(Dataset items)
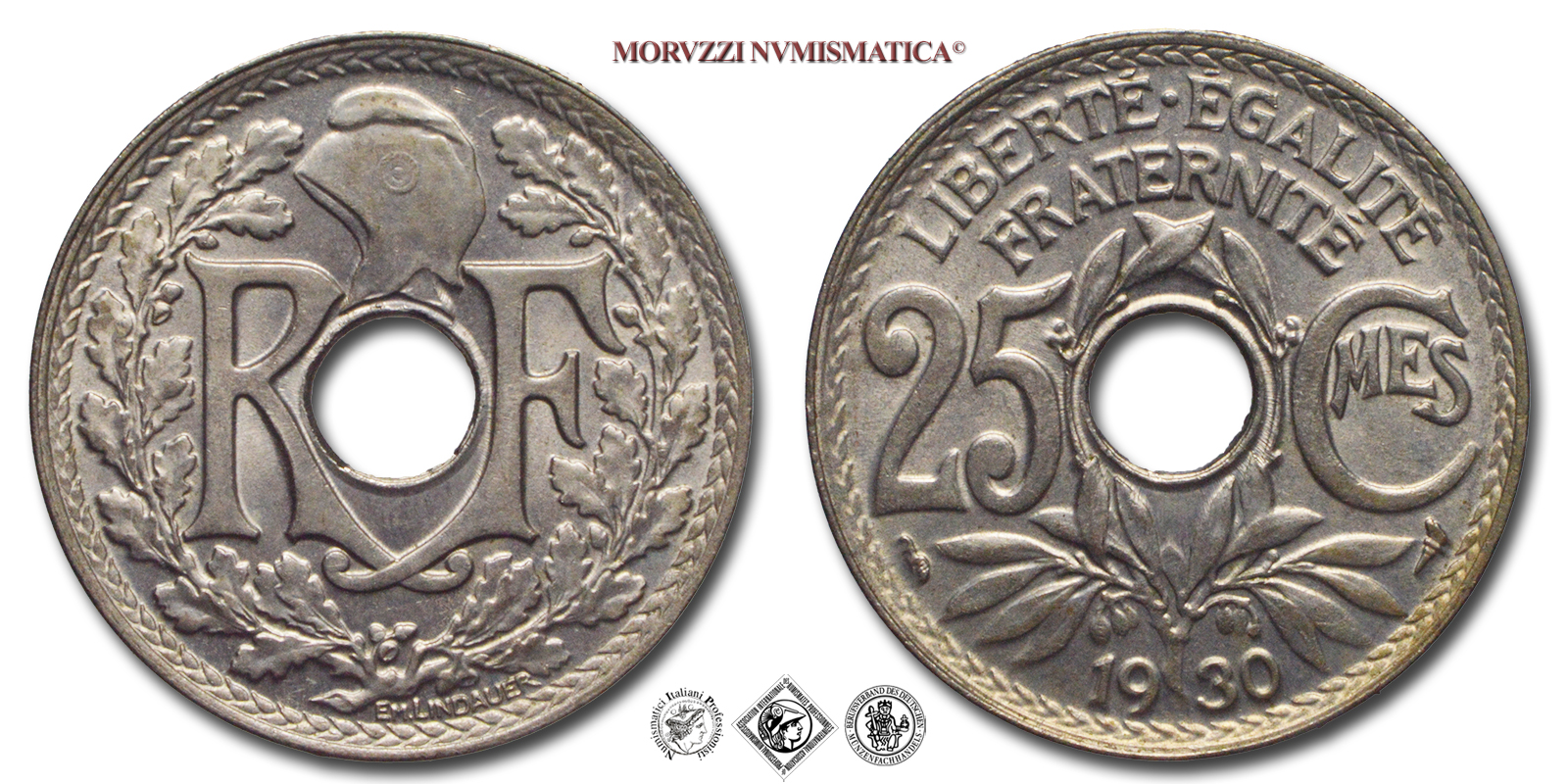 Francia, TERZA REPUBBLICA, 1870-1940, CENTESIMI 25, Lindauer, Emissione: 1930, D/ Monogramma RF diviso da un foro centrale, cappello della libertà sopra, corona di fiori intorno. Incisore: Edmond-Émile Lindauer, R/ La denominazione 25 CMES con l'abbreviazione CMES per "centimes" divisa dal foro centrale con il motto francese (LIBERTE·EGALITE FRATERNITE) sopra e la data (1930) sotto. Nessun trattino sotto "MES". Incisore: Edmond-Émile Lindauer, Zecca di Parigi, Rif. bibl. Gadoury, 380; Metallo: NI, gr. 5,14, (ME62442), Diam.: mm. 24,08, qFDC
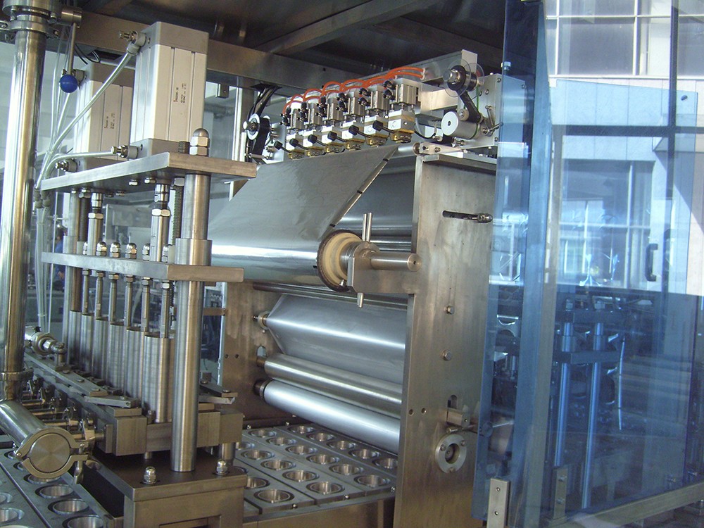 SKB系列全自動灌裝封口機是適用于預制塑杯、紙杯或紙塑杯通用的直線步進式灌裝封口設備,該機型采用卷膜。該機可自動完成下杯、灌裝、切膜、對標、打碼、封口、出杯、輸送等動作。標準型機架的設備適用于50-300毫升/杯的灌裝容量,特別設計的物料灌裝系統(tǒng)和CIP清洗裝置適用于灌注生產過程中衛(wèi)生要求嚴格的產品。該機型可用于純牛奶、酸奶、乳飲料、豆?jié){、果汁、果凍、冰淇淋、調味品、日化等液體或半黏稠狀物料的灌裝,可定制含顆粒物料的灌裝系統(tǒng);除常溫灌裝外,也可定制適用于熱灌裝的系統(tǒng)。 可根據用戶需求,設計新機型。
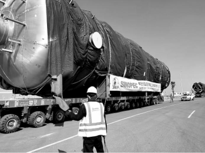 经过21天的运输,南京工程沙特乙二醇项目核心设备二氧化碳水洗塔,顺利运抵现场,成为首台走出国门运至沙特现场的700吨级设备。水洗塔是项目核心设备,运达现场后,项目部将全面开展吊装准备工作,确保8月21日水洗塔吊装就位。图为当地时间7月7日17时,工作人员在现场协调接卸工作。
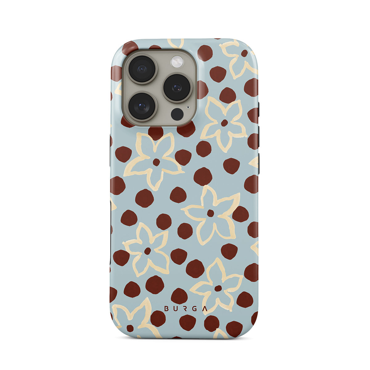 The Frutaria iPhone 16 Pro phone case design design: retro surf motel wallpaper meets vintage ceramics. The soft florals, earthy dots, and cool-toned palette give major “forgotten seaside town in the ‘70s” energy.
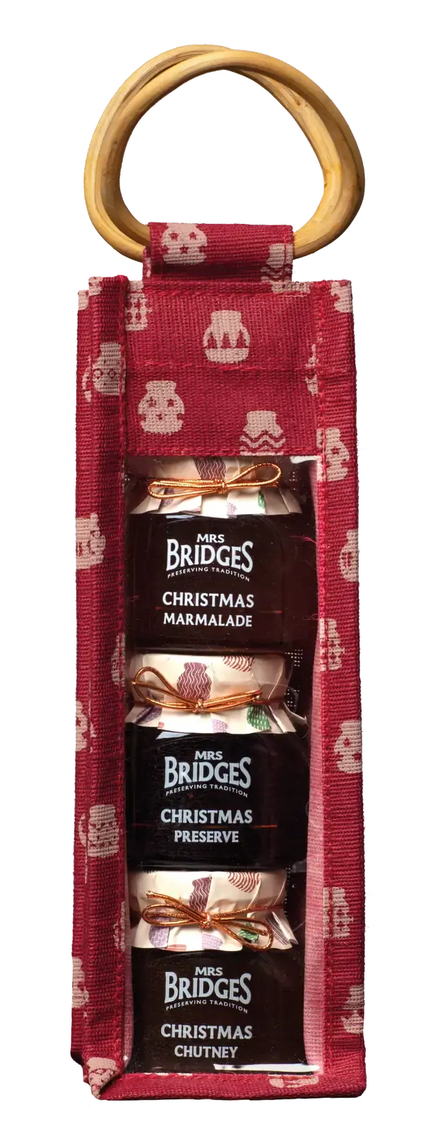 Mrs Bridges Triple Jar Juco Bag Indulgence (Red) contains three indulgent Scottish preserves presented in a festive red jute bag. A delicious gift choice for any occasion.
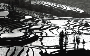 | 夕阳下,梯田散发出迷人的光彩。 |
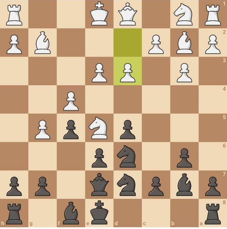 na 12. d3?! weet ik voordeel te creëren met 12. … Pxe5 13. Lxe5 Pf7! 14. Lc3 e5 waarna wit’s stelling onder druk komt te staan.
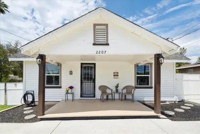 Welcome to a beautifully renovated gem, blending modern elegance with timeless charm. This stunning single-family home features a brand new roof, has been re-piped, re-wired, and has a newly upgraded electrical panel, ensuring peace of mind for years to come. As you approach, you're greeted by a newly landscaped front yard with a mature shade tree. Inside the bright living room boasts expansive windows, modern luxury vinyl plank floors, and a charming stone fireplace. The kitchen is adorned with white shaker cabinets, quartz countertops, and new stainless steel appliances. In the main house you will find 2 bedrooms with ample natural light and generous closet space. Attached to the garage is where you will find the additional living space that can be used as a bedroom. The expansive backyard is a blank canvas awaiting your personal touch, with a detached garage and oversized driveway for ample parking and storage. Situated near the border of Redlands, this property offers convenient access to local amenities, schools, and recreational areas. Don't miss the opportunity to make this place your home!
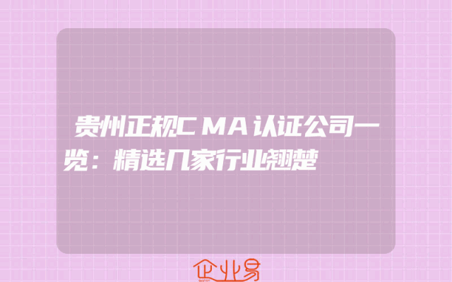 - 贵州正规CMA认证公司一览:精选几家行业翘楚
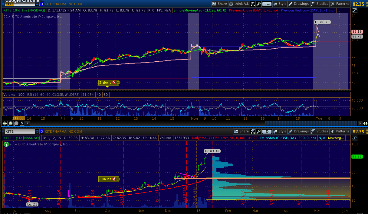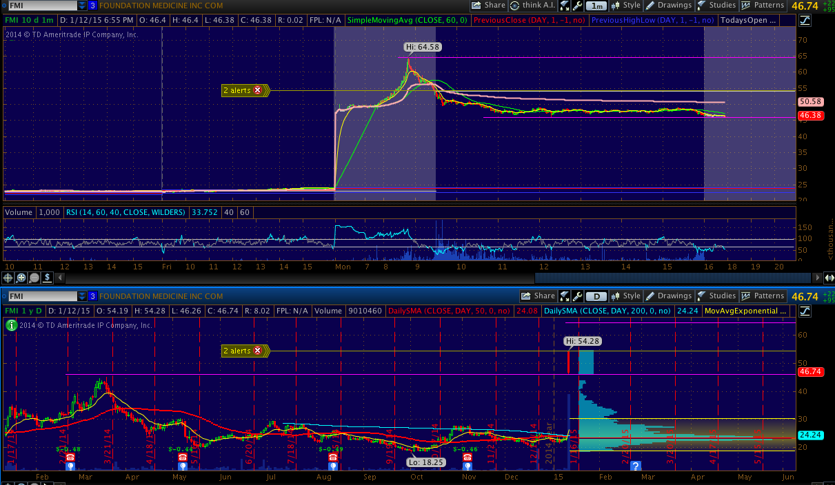 FMI - Up on news of a collaboration agreement with Roche. It held the lows and flatlined for most of the day. Hard to tell if this will continue to fade or if 46 will act as a base and it will grind up from here. Will be reactive to how this one trades.
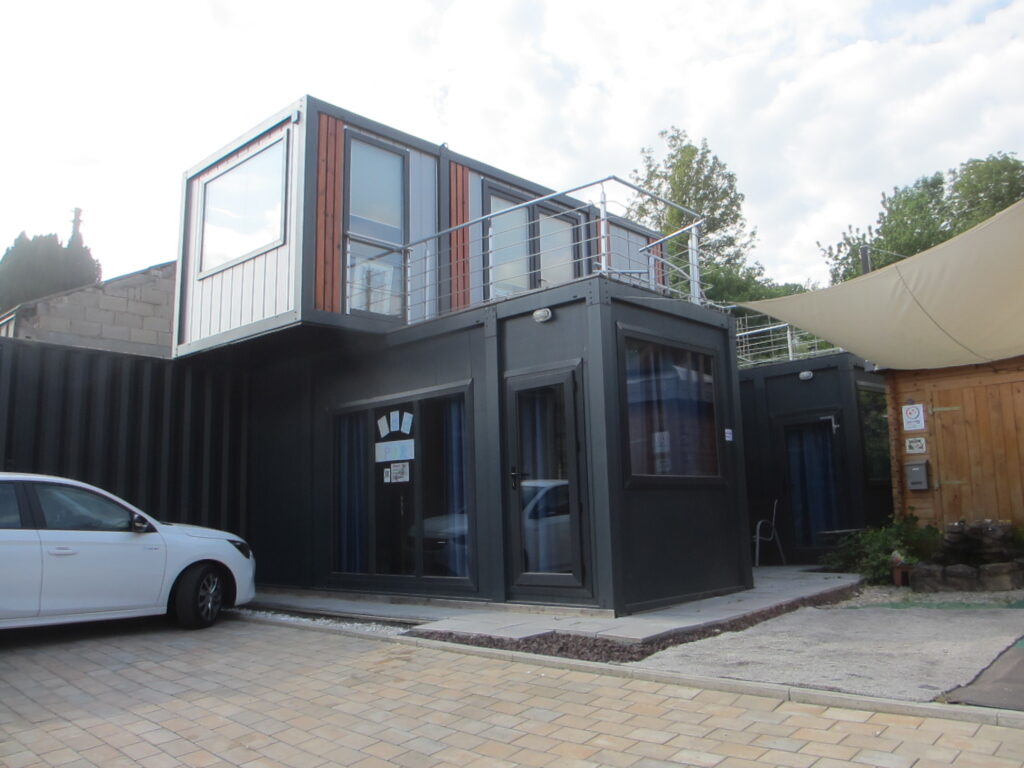 Nouvelle expérience pour nous, nous avons réservé une chambre aménagée dans un conteneur, du même genre de conteneur que l’on retrouve dans les ports. On vous en reparle demain.

> _Work request_
Text only, pictures out: give every record again as written.

> _Task output_
 Francia, TERZA REPUBBLICA, 1870-1940, CENTESIMI 25, Lindauer, Emissione: 1930, D/ Monogramma RF diviso da un foro centrale, cappello della libertà sopra, corona di fiori intorno. Incisore: Edmond-Émile Lindauer, R/ La denominazione 25 CMES con l'abbreviazione CMES per "centimes" divisa dal foro centrale con il motto francese (LIBERTE·EGALITE FRATERNITE) sopra e la data (1930) sotto. Nessun trattino sotto "MES". Incisore: Edmond-Émile Lindauer, Zecca di Parigi, Rif. bibl. Gadoury, 380; Metallo: NI, gr. 5,14, (ME62442), Diam.: mm. 24,08, qFDC
 SKB系列全自動灌裝封口機是適用于預制塑杯、紙杯或紙塑杯通用的直線步進式灌裝封口設備,該機型采用卷膜。該機可自動完成下杯、灌裝、切膜、對標、打碼、封口、出杯、輸送等動作。標準型機架的設備適用于50-300毫升/杯的灌裝容量,特別設計的物料灌裝系統(tǒng)和CIP清洗裝置適用于灌注生產過程中衛(wèi)生要求嚴格的產品。該機型可用于純牛奶、酸奶、乳飲料、豆?jié){、果汁、果凍、冰淇淋、調味品、日化等液體或半黏稠狀物料的灌裝,可定制含顆粒物料的灌裝系統(tǒng);除常溫灌裝外,也可定制適用于熱灌裝的系統(tǒng)。 可根據用戶需求,設計新機型。
 经过21天的运输,南京工程沙特乙二醇项目核心设备二氧化碳水洗塔,顺利运抵现场,成为首台走出国门运至沙特现场的700吨级设备。水洗塔是项目核心设备,运达现场后,项目部将全面开展吊装准备工作,确保8月21日水洗塔吊装就位。图为当地时间7月7日17时,工作人员在现场协调接卸工作。
 The Frutaria iPhone 16 Pro phone case design design: retro surf motel wallpaper meets vintage ceramics. The soft florals, earthy dots, and cool-toned palette give major “forgotten seaside town in the ‘70s” energy.
 Mrs Bridges Triple Jar Juco Bag Indulgence (Red) contains three indulgent Scottish preserves presented in a festive red jute bag. A delicious gift choice for any occasion.
 | 夕阳下,梯田散发出迷人的光彩。 |
 na 12. d3?! weet ik voordeel te creëren met 12. … Pxe5 13. Lxe5 Pf7! 14. Lc3 e5 waarna wit’s stelling onder druk komt te staan.
 Welcome to a beautifully renovated gem, blending modern elegance with timeless charm. This stunning single-family home features a brand new roof, has been re-piped, re-wired, and has a newly upgraded electrical panel, ensuring peace of mind for years to come. As you approach, you're greeted by a newly landscaped front yard with a mature shade tree. Inside the bright living room boasts expansive windows, modern luxury vinyl plank floors, and a charming stone fireplace. The kitchen is adorned with white shaker cabinets, quartz countertops, and new stainless steel appliances. In the main house you will find 2 bedrooms with ample natural light and generous closet space. Attached to the garage is where you will find the additional living space that can be used as a bedroom. The expansive backyard is a blank canvas awaiting your personal touch, with a detached garage and oversized driveway for ample parking and storage. Situated near the border of Redlands, this property offers convenient access to local amenities, schools, and recreational areas. Don't miss the opportunity to make this place your home!
 - 贵州正规CMA认证公司一览:精选几家行业翘楚
 FMI - Up on news of a collaboration agreement with Roche. It held the lows and flatlined for most of the day. Hard to tell if this will continue to fade or if 46 will act as a base and it will grind up from here. Will be reactive to how this one trades.
 Nouvelle expérience pour nous, nous avons réservé une chambre aménagée dans un conteneur, du même genre de conteneur que l’on retrouve dans les ports. On vous en reparle demain.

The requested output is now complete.